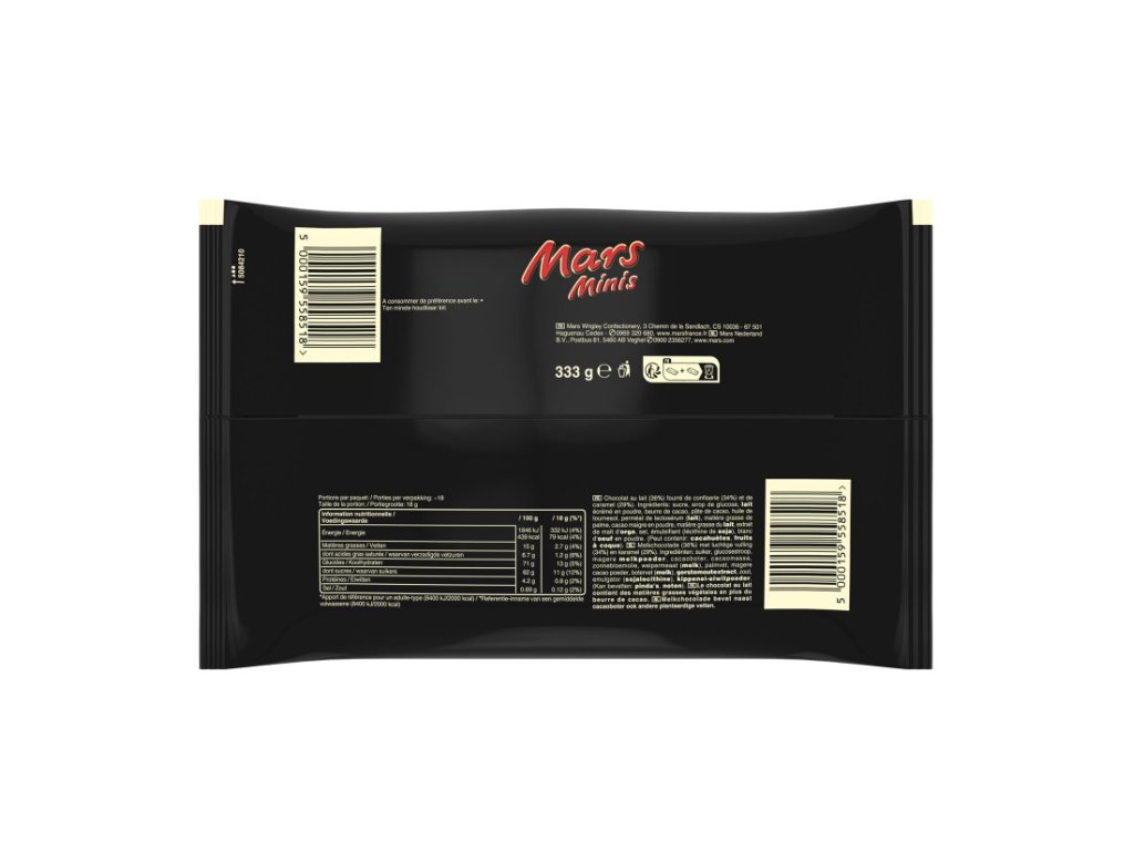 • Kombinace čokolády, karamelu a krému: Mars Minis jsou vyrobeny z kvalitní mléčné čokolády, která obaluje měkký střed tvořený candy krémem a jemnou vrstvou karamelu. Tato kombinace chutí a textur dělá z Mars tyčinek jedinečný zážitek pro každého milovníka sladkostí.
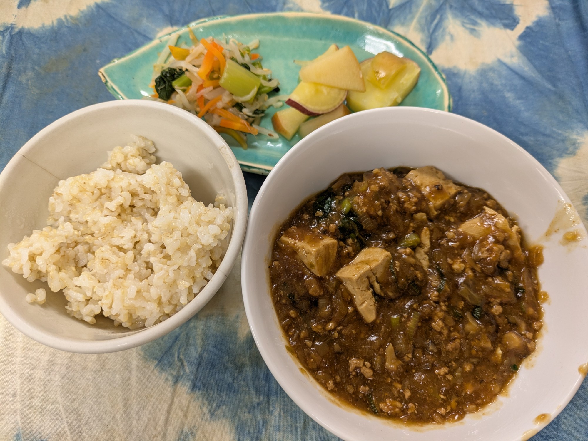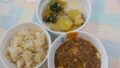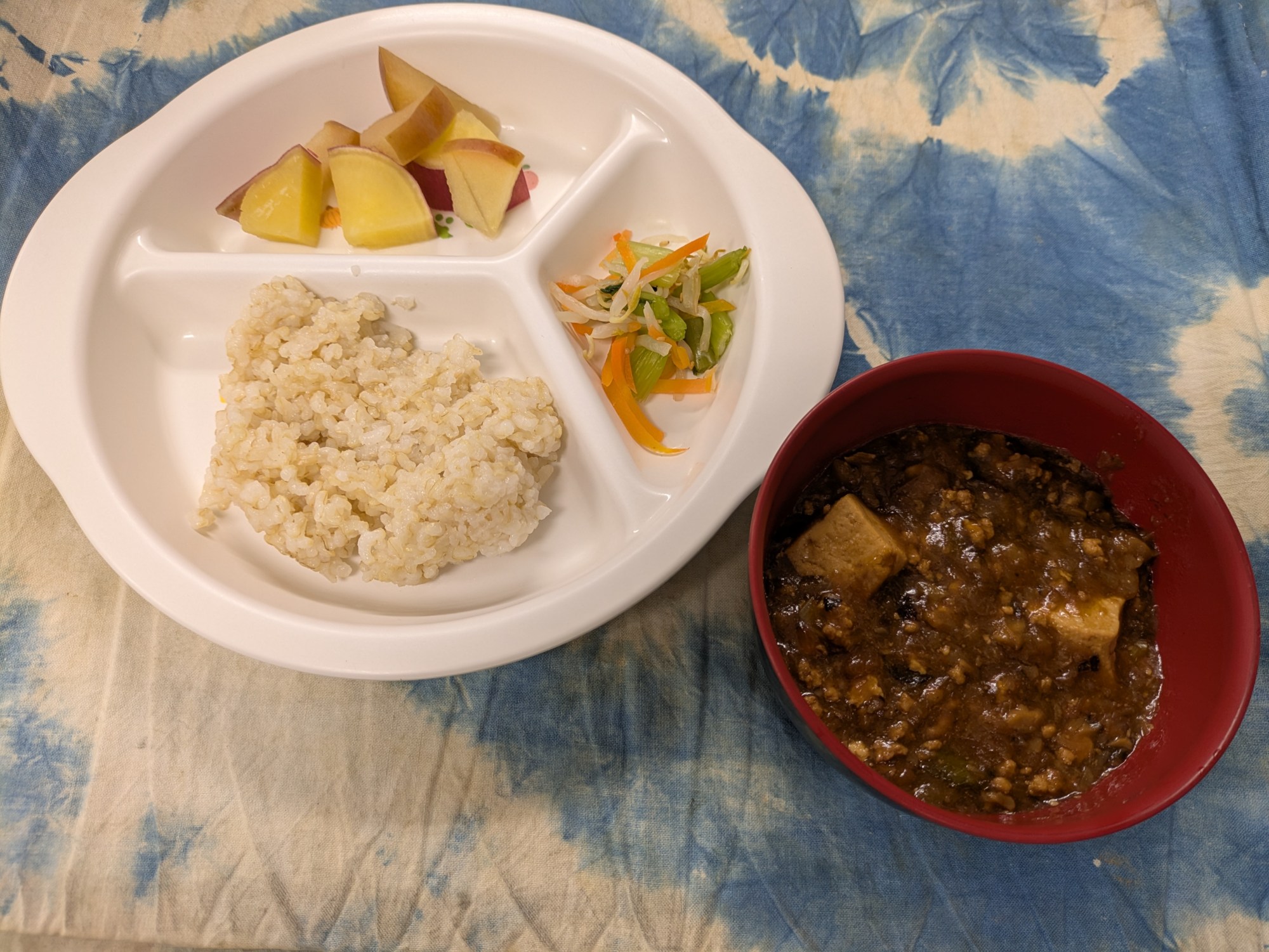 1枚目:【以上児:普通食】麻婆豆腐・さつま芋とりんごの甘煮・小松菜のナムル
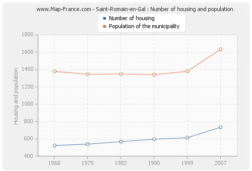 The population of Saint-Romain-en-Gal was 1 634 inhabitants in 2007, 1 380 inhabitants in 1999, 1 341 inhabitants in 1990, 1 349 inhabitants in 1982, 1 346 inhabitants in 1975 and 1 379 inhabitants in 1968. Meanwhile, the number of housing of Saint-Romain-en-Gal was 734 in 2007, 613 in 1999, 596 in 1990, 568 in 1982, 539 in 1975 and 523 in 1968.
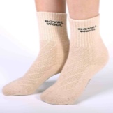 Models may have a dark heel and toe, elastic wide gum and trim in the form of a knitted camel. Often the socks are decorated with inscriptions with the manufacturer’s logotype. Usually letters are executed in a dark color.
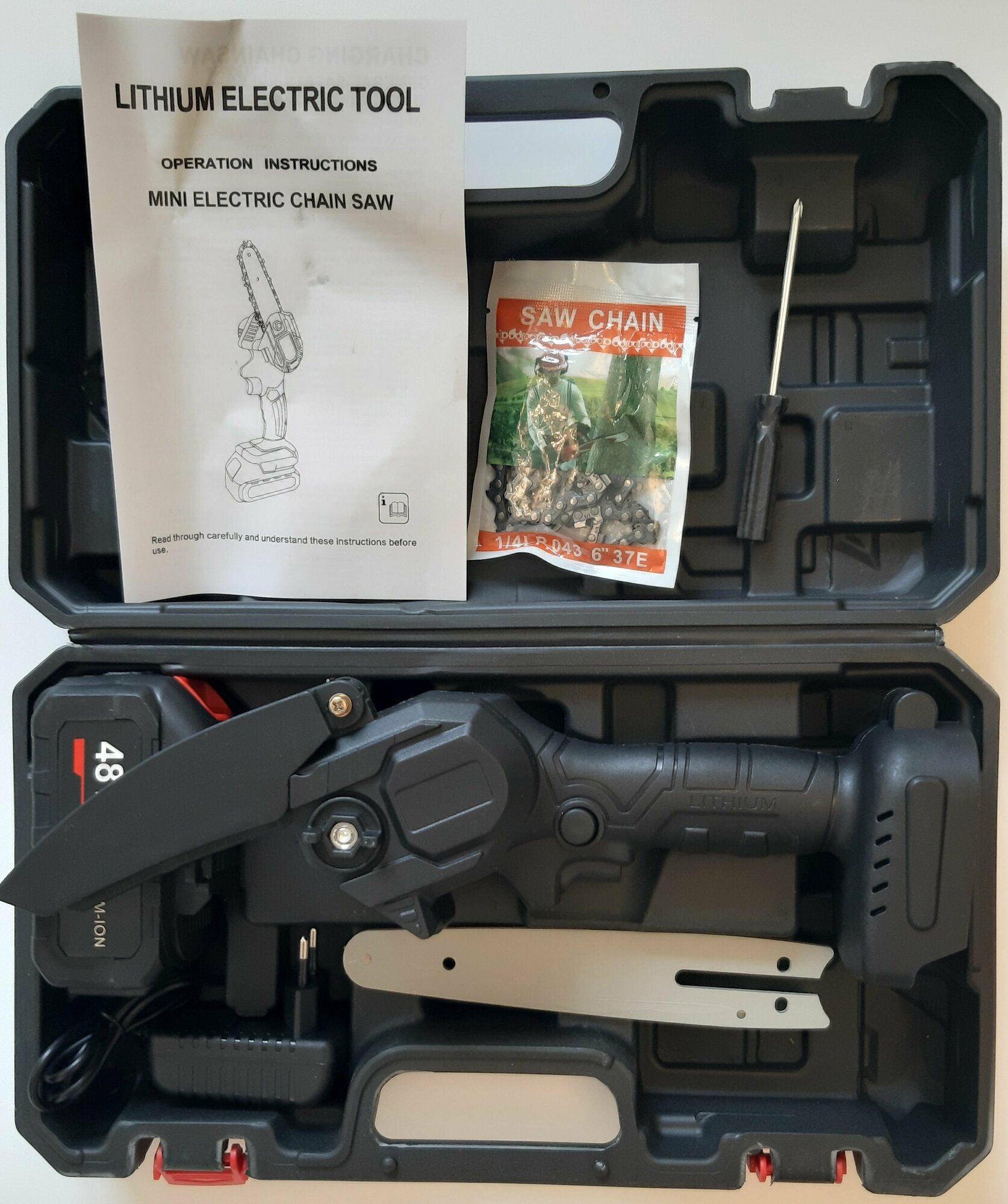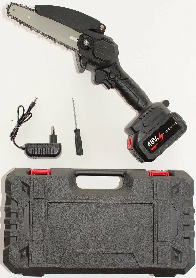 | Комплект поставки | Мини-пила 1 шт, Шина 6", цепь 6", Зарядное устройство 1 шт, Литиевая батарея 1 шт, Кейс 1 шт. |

======

== TASK BRIEF ==
All of the material above should be copied exactly, minus the pictures.

== RESPONSE BELOW ==
 • Kombinace čokolády, karamelu a krému: Mars Minis jsou vyrobeny z kvalitní mléčné čokolády, která obaluje měkký střed tvořený candy krémem a jemnou vrstvou karamelu. Tato kombinace chutí a textur dělá z Mars tyčinek jedinečný zážitek pro každého milovníka sladkostí.
 1枚目:【以上児:普通食】麻婆豆腐・さつま芋とりんごの甘煮・小松菜のナムル
 The population of Saint-Romain-en-Gal was 1 634 inhabitants in 2007, 1 380 inhabitants in 1999, 1 341 inhabitants in 1990, 1 349 inhabitants in 1982, 1 346 inhabitants in 1975 and 1 379 inhabitants in 1968. Meanwhile, the number of housing of Saint-Romain-en-Gal was 734 in 2007, 613 in 1999, 596 in 1990, 568 in 1982, 539 in 1975 and 523 in 1968.
 Models may have a dark heel and toe, elastic wide gum and trim in the form of a knitted camel. Often the socks are decorated with inscriptions with the manufacturer’s logotype. Usually letters are executed in a dark color.
 | Комплект поставки | Мини-пила 1 шт, Шина 6", цепь 6", Зарядное устройство 1 шт, Литиевая батарея 1 шт, Кейс 1 шт. |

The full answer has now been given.